Chris - You are absolutely correct in what I am trying to accomplish - decrease the number of files going to the maps. Admittedly, I haven't run through all the suggestions yet today. I hope to do that by days' end. Thank you and I will give an update later on what worked.

On Tue, Oct 2, 2012 at 12:12 AM, Chris Nauroth <cnauroth@hortonworks.com> wrote:
Hello Anna,

If I understand correctly, you have a set of multiple sequence files, each much smaller than the desired block size, and you want to concatenate them into a set of fewer files, each one more closely aligned to your desired block size.  Presumably, the goal is to improve throughput of map reduce jobs using those files as input by running fewer map tasks, reading a larger number of input records.

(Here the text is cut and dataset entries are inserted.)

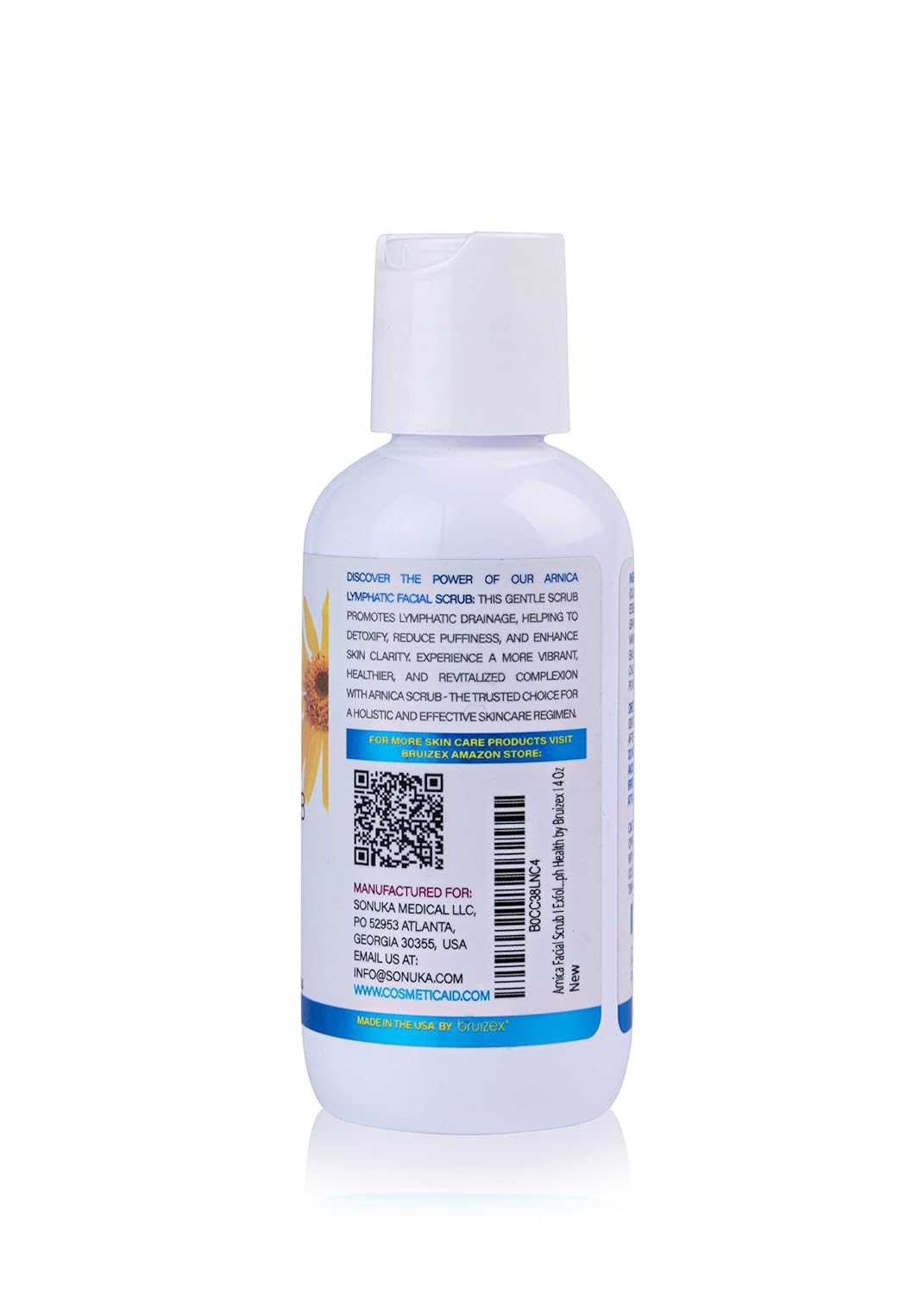About this item Experience the Power of Arnica Montana: Our facial scrub is enriched with the natural wonders of Arnica Montana, known for its soothing and healing properties. Itâs perfect for revitalizing tired, stressed skin and promoting a clear, radiant complexion. Say goodbye to harsh scrubs that irritate your skin. Our gentle formula provides the right balance of exfoliation to remove dead skin cells while maintaining your skin's delicate balance. Ideal for sensitive skin, acne, and blackheads. Natural Lymphatic Drainage Support:This exfoliating face wash is designed to enhance natural lymphatic drainage, helping to detoxify and decongest your skin. Itâs a natural way to support lymph health and reduce puffiness, leaving your skin feeling refreshed and invigorated.Our Arnica Facial Scrub is gentle enough for daily use yet effective enough to deliver noticeable results. Regular use can help manage acne, reduce blackheads, and provide a smooth, even skin tone. Easy to Use: Simply apply a small amount to damp skin, gently massage in a circular motion, and rinse off. Enjoy the feeling of a deep cleanse that doesnât strip your skin of its natural oils. Perfect Size for All Routines: The 4 Oz size is ideal for your bathroom counter and even for travel. Keep your skincare routine consistent wherever you are! Pure and Safe Ingredients: We believe in the power of nature. Our formula is free from harmful chemicals and additives, making it safe for all skin types. Itâs cruelty-free, non-GMO, vegan friendly, and we never test on animals. Trusted Brand: Bruizex is committed to creating products that nurture your skin and promote overall health. With every use, youâre not just cleansing your skin; youâre embracing a holistic approach to skincare. For all skin types. Can be used together with arnica montana gel, cream, ointment, pills, tablets, homeopathic, capsules, supplements, essential oils, pain, bruising and swelling roll on sticks and balms. See more product details,Experience the Power of Arnica Montana: Our facial scrub is enriched with the natural wonders of Arnica Montana, known for its soothing and healing properties. Itâs perfect for revitalizing tired, stressed skin and promoting a clear, radiant complexion. Say goodbye to harsh scrubs that irritate your skin. Our gentle formula provides the right balance of exfoliation to remove dead skin cells while maintaining your skin's delicate balance. Ideal for sensitive skin, acne, and blackheads,Natural Lymphatic Drainage Support:This exfoliating face wash is designed to enhance natural lymphatic drainage, helping to detoxify and decongest your skin. Itâs a natural way to support lymph health and reduce puffiness, leaving your skin feeling refreshed and invigorated.Our Arnica Facial Scrub is gentle enough for daily use yet effective enough to deliver noticeable results. Regular use can help manage acne, reduce blackheads, and provide a smooth, even skin tone,Easy to Use: Simply apply a small amount to damp skin, gently massage in a circular motion, and rinse off. Enjoy the feeling of a deep cleanse that doesnât strip your skin of its natural oils,Perfect Size for All Routines: The 4 Oz size is ideal for your bathroom counter and even for travel. Keep your skincare routine consistent wherever you are!,Pure and Safe Ingredients: We believe in the power of nature. Our formula is free from harmful chemicals and additives, making it safe for all skin types. Itâs cruelty-free, non-GMO, vegan friendly, and we never test on animals. Trusted Brand: Bruizex is committed to creating products that nurture your skin and promote overall health. With every use, youâre not just cleansing your skin; youâre embracing a holistic approach to skincare,For all skin types. Can be used together with arnica montana gel, cream, ointment, pills, tablets, homeopathic, capsules, supplements, essential oils, pain, bruising and swelling roll on sticks and balms
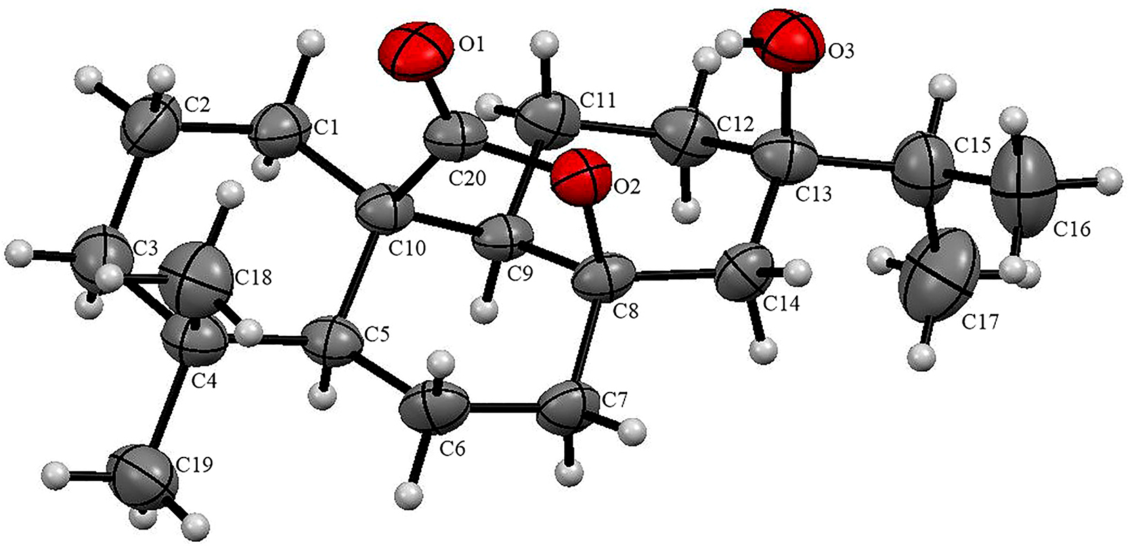 Lophanic acid is an abietane diterpenoid compound widely seen in medicinal plants I. flavidus [5] and I. lophanthoides [6]. Studies have revealed that this type of compound has significant antibacterial, anti-inflammatory, antitumor, anti-cancer, and other activities [7], [8], [9], [10], [11], [12]. The research group started from medicinal plants I. flavidus isolated rich in lophanic acid. Nevertheless, the structural modification of the active functional groups and targets of lophanic acid has not been reported in the relevant literature. Hence, to investigate the active site of lophanic acid and synthesize a highly active derivative, we used lophanic acid as a raw material. Under the action of triphenylphosphine/iodine/potassium carbonate, the C8–C9 double bond of corinoic acid was oxidized to a hydroxyl group, where the C-8 hydroxyl group formed a lactone with C-20 carboxylic acid. Finally, the target compound is obtained. The title compound (4aR,7S)-7-hydroxy-7-isopropyl-1,1-dimethyldecahydro-2H,6H-8a,4a-(epoxymethano) phenanthren-12-one was obtained by Lophanic acid oxidation, esterification reaction.
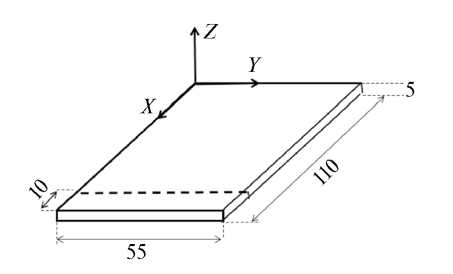 Приготовление образцов. Образцы были приготовлены в Иркутском национальном исследовательском техническом университете по технологии, описанной в [3]. Две пластины размерами 110×55 мм и толщиной 5 мм из стали 30ХГСА (рис. 2) были обработаны на дробеметной установке контактного типа УДФ-4 шариками из стали ШХ15 диаметром 3.5 мм. Химический состав стали 30ХГСА представлен в табл. 1 (ГОСТ 4543–2016).
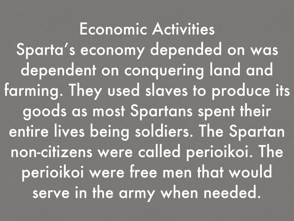 Sparta’s economy depended on was dependent on conquering land and farming. They used slaves to produce its goods as most Spartans spent their entire lives being soldiers. The Spartan non-citizens were called perioikoi. The perioikoi were free men that would serve in the army when needed.
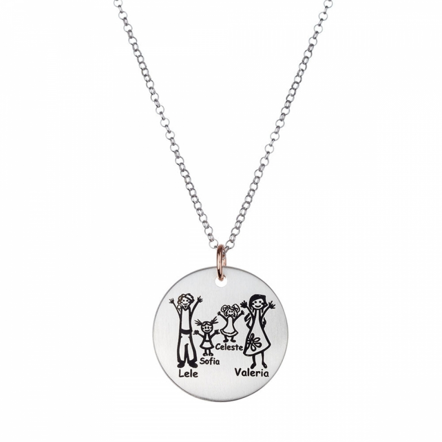 Medaglia media Happy Family in argento 925% e oro rosa 9kt personalizzabile con i componenti ed i nomi della tua famiglia, completa di collana lunga 50 cm oppure 70 cm.

Whenever I've had this kind of requirement, I've run a custom map reduce job to implement the file consolidation.  In my case, I was typically working with TextInputFormat (not sequence files).  I used IdentityMapper and a custom reducer that passed through all values but with key set to NullWritable, because the keys (input file offsets in the case of TextInputFormat) were not valuable data.  For my input data, this was sufficient to achieve fairly even distribution of data across the reducer tasks, and I could reasonably predict the input data set size, so I could reasonably set the number of reducers and get decent results.  (This may or may not be true for your data set though.)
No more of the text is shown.